雨宿り〜大きな傘を君に〜


遠慮はしたが結局先生に奢ってもらい、店の外に出た。

時刻は13時。
このまま帰るのだろうか。
元来た道を辿る先生に聞きたい。

もう少し一緒にいれませんか?って。

でもこの後、菱川先生には予定があるかもしれないし。

確実に駅へ向かう菱川先生の後ろを黙ってついていく。しかしこちらの心境を察してくれたかのようにタイミングよく先生は顔だけこちらを向いて聞いてくれた。


「どこか行きたいところある?」


「はい!」


「どこ?」


「……え、っと」


行きたいところ、行きたいところ。
頭の中で単語を探すけれど、見つからない。

ただ菱川先生と一緒に居たいだけだから。


先生は足を止めて私の答えを待っていてくれた。


「あ、」


先生の声に顔を上げると、腕を掴まれた。

そのまま強い力で狭い路地に引っ張られる。

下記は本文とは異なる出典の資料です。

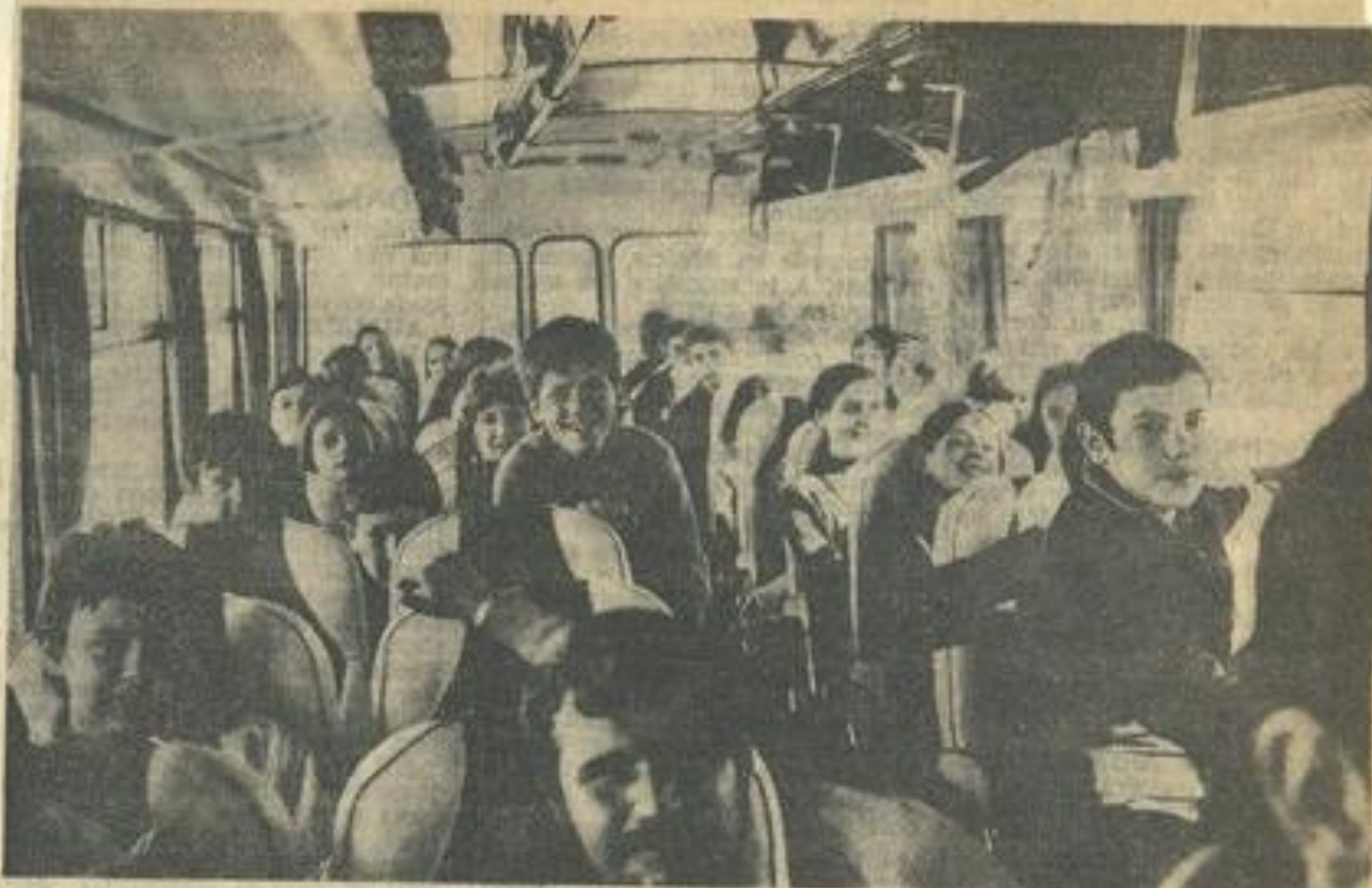
● Au départ pour les Monts d'Olmes un car de joie sur les « chapeaux de roue ».
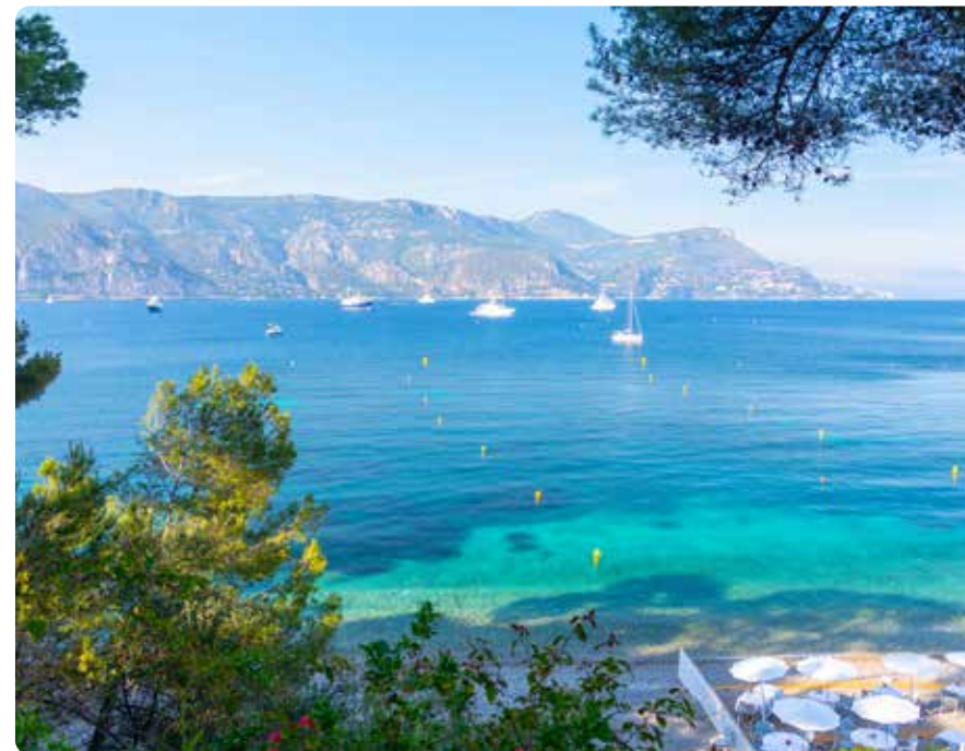
La côte du Var et ses nombreuses plages et criques

Avec plusieurs filières d'excellence dans les technologies marines et de la défense implantées dans la métropole de Toulon, le Var mise aussi sur les industries de demain pour renforcer son attractivité.

人がひとり通れるくらいの道幅しかないところに押し込まれた。


「佐渡先生が居たから、じっとしてて」


佐渡(さど)先生…菱川先生と同じ数学講師で、担当は一般コースだから私は彼女の講義を受けたことはない。


じっとしてて、そう言われても。


菱川先生が近すぎて、心臓の音がうるさい。先生に聞こえてないといいけど…。